Eligibility For Small Business Tax Rate
Access to the small business rate has been effectively removed for small businesses working solely for large private corporations. In B.C. this would mean a doubling of the tax rate from 13% to 26%. This greatly reduces the tax incentive for small businesses to operate in Canada. Loss of small business in Canada is detrimental to the entire economy.
Legislation was introduced in the March 21, 2016 budget and was intended to apply to years beginning on or after the budget date, meaning it will apply to years ending March 20, 2017 or later. These rules affect corporate groups by removing access to the small business limit.

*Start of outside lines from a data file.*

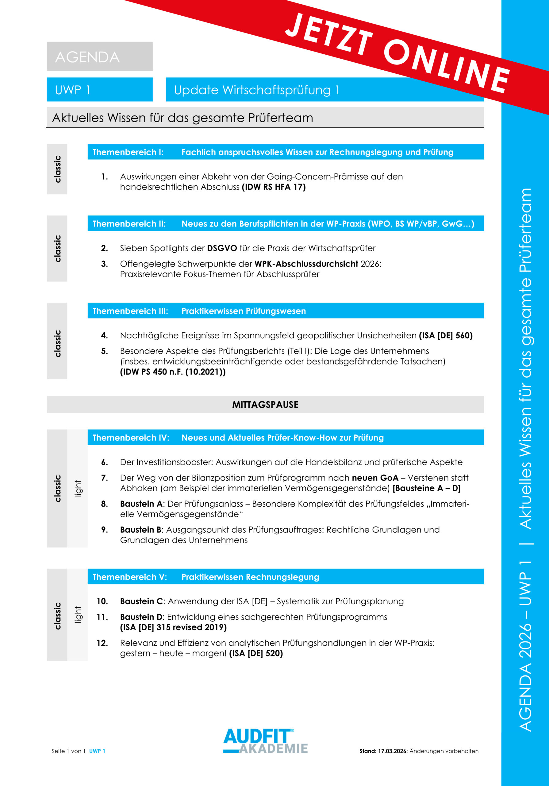 AUDFIT: Start unserer Reihe „Update Wirtschaftsprüfung 1 (UWP 1)“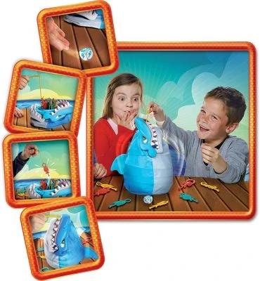 Wirf den Würfel und fange so viele Fische wie möglich! Aber Achtung! Der verrückte, gefräßige Hai lauert im Hinterhalt. Er kann jederzeit zuschnappen.Die lustige Angelrunde wird gewonnen, wenn Fische anbeißen!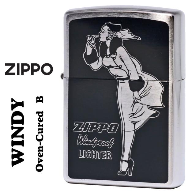 zippo ジッポーライター 人気のWINDYデザイン ウィンディ プリント Oven-Cured B ブラック オイルライター P-WINDY-B 黒色 かわいい おしゃれ 焼き付け塗装 ZIPPOロゴ入り キュート レディース 女性 ギフト プレゼント 送料無料 メール便対応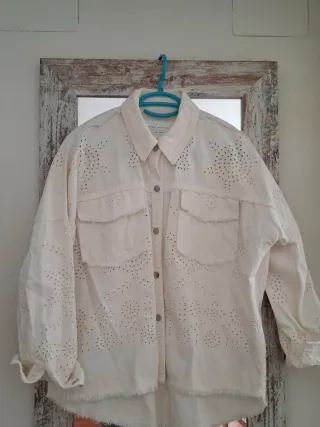 Chaqueta vaquera de la marca Zara en color blanco. Presenta un diseño moderno y versátil. - Cierre de botones metálicos. - Dos bolsillos en el pecho con solapa. - Cinturón a juego para ajustar la cintura. - Puños abotonados.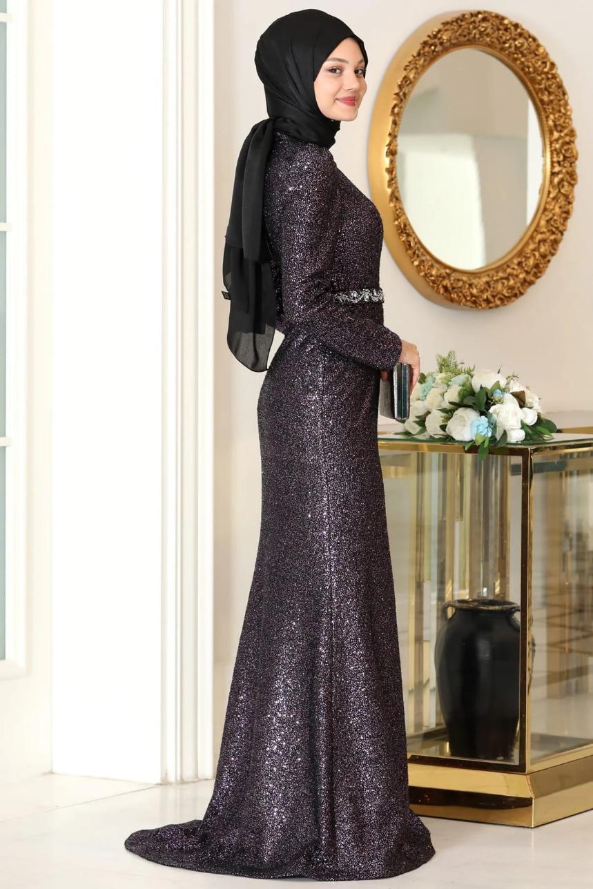 Silbriges Abendkleid Pflaume SN82 (SN82-MÜRDÜM)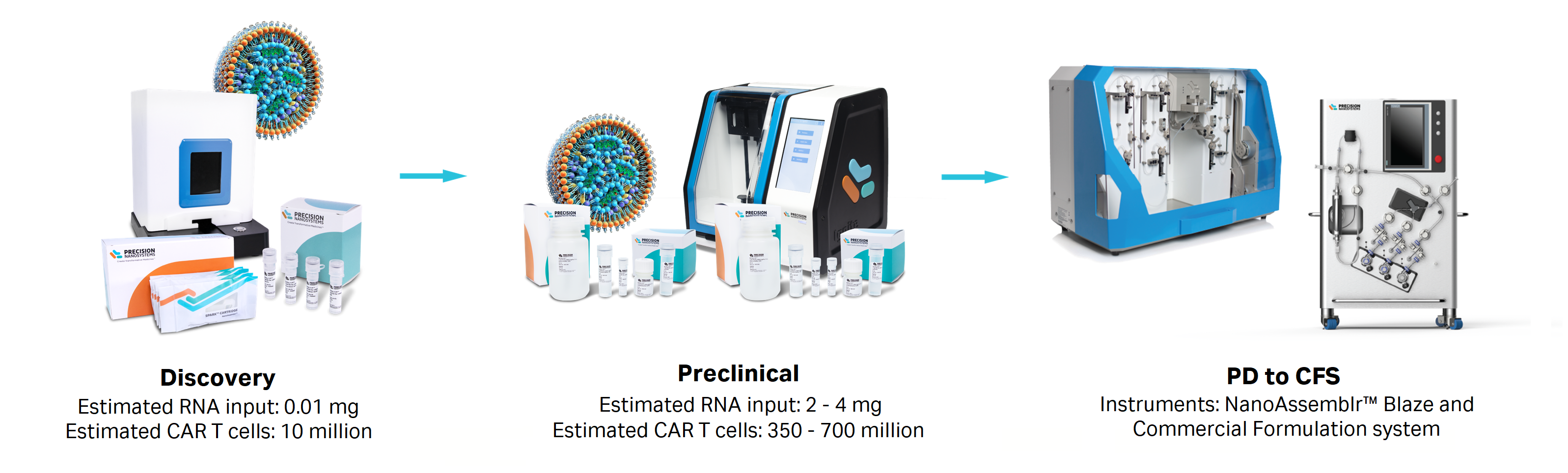 数据表明,GenVoy-ILM™ T 细胞试剂盒和可放大 NanoAssemblr™ 平台能够在 Spark™ 和 Ignite™ 仪器上实现可靠和等效的表现,从而从发现阶段扩大到临床前阶段。

If you have two private companies and one company gets 10% or more of its taxable income from the other private company and there is a non-arm’s length shareholder, then the income between the two companies is deemed to be “specified corporate income”, (herein referred to as “SCI”). SCI is still considered active business income, but is no longer eligible for the small business deduction (i.e. gets the 26% general corporate rate rather than the 13% small business rate). There is no specified amount of ownership the non-arm’s length shareholder needs to own for these rules to apply as it’s written. The company paying the other company is able to elect to share their small business limit with the other company to then have it taxed at 13%.

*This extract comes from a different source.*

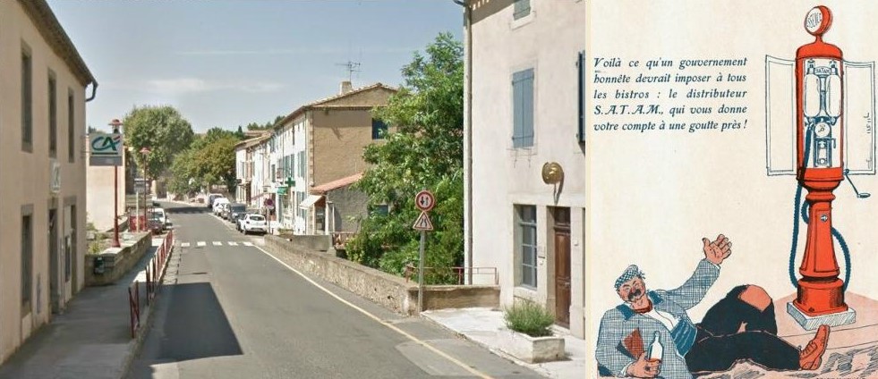Avenue de l'Argent Double à Caunes août 2018 ©Google2021 Publicité Satam novembre 1925: Faire le plein et boire un verre

- Company A – Owned by Mr. A, say their taxable income is $500,000;
- Company B – Large private corporation in which Mr. A’s cousin (not “related” for tax purposes, but “non-arm’s length”) owns 1 common share out of 100,000,000 common shares;
- Company A gets 15% of its taxable income from Company B;
- Since it’s more than 10% and the other company has a non-arm’s length shareholder, this income is considered SCI;
- This means the $75,000 ($500,000 x 15%) of income Company A receives from Company B is no longer eligible to get the small business rate of 13%, but gets bumped to 26%; and
- Company B can elect to give Company A some of its small business limit up to $75,000, but Company B is very unlikely to do so since Mr. A’s cousin only owns a single share in a large corporation.

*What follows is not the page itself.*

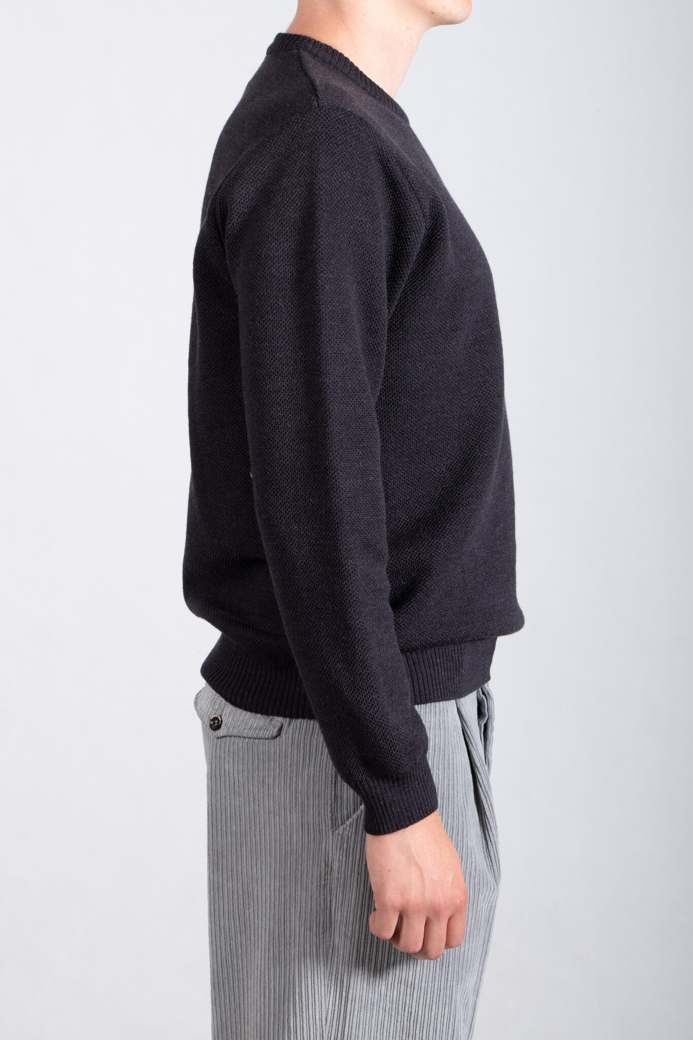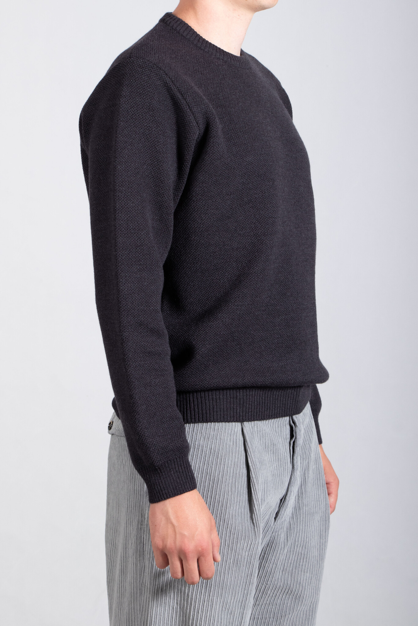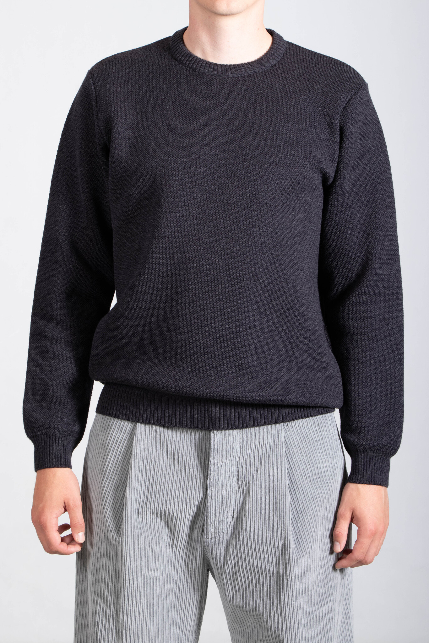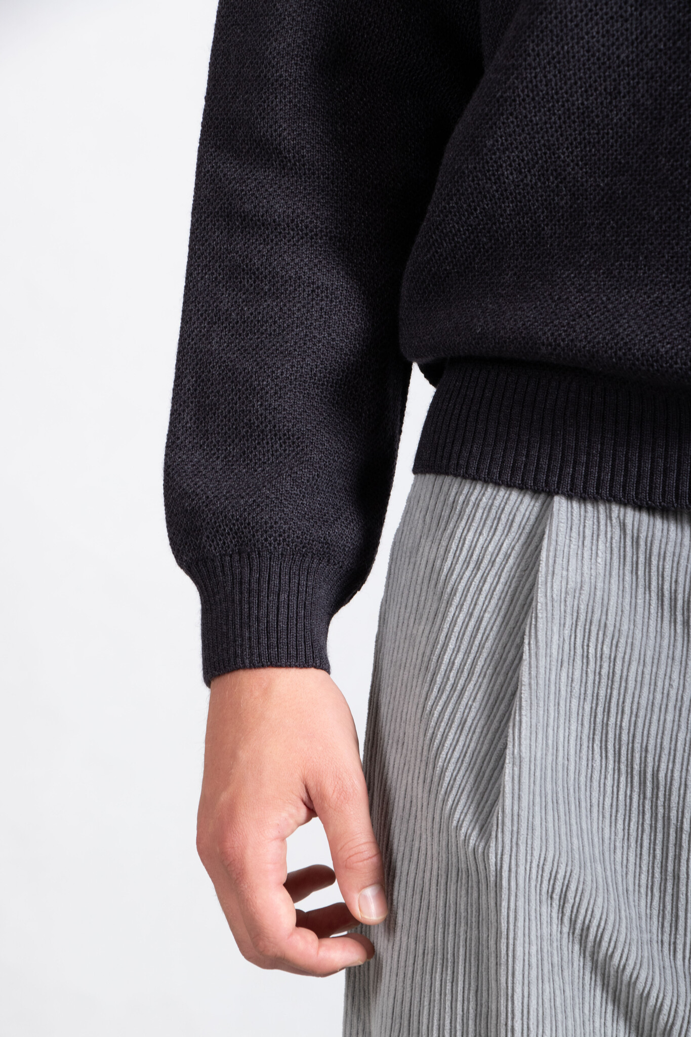Nieuw in de winkel, Nitto, een breimerk uit Frankrijk. Daar bedacht, daar gemaakt. Gebreid in een zogeheten pique en volledig merino wol. Ons model is 189 cm lang en draagt een maat L. Lees meer

The intent of these rules was to catch corporate structures that circumvent the existing association rules to share the small business limit among many otherwise non-associated corporations. Unfortunately, the legislators used wording that was too broad and currently there is no % of ownership the non-arm’s length shareholder needs to own for these rules to kick in and as a result they cast a much bigger net than it appears they were intending.
A simple solution is to have the share ownership for the non-arm’s length party defined as a percentage so it will not affect most small businesses working for large private corporations.
THE CHAMBER RECOMMENDS
That the Federal Government defines a share ownership percentage of 10% or higher for the non-arm’s length party with respect to specified corporate income.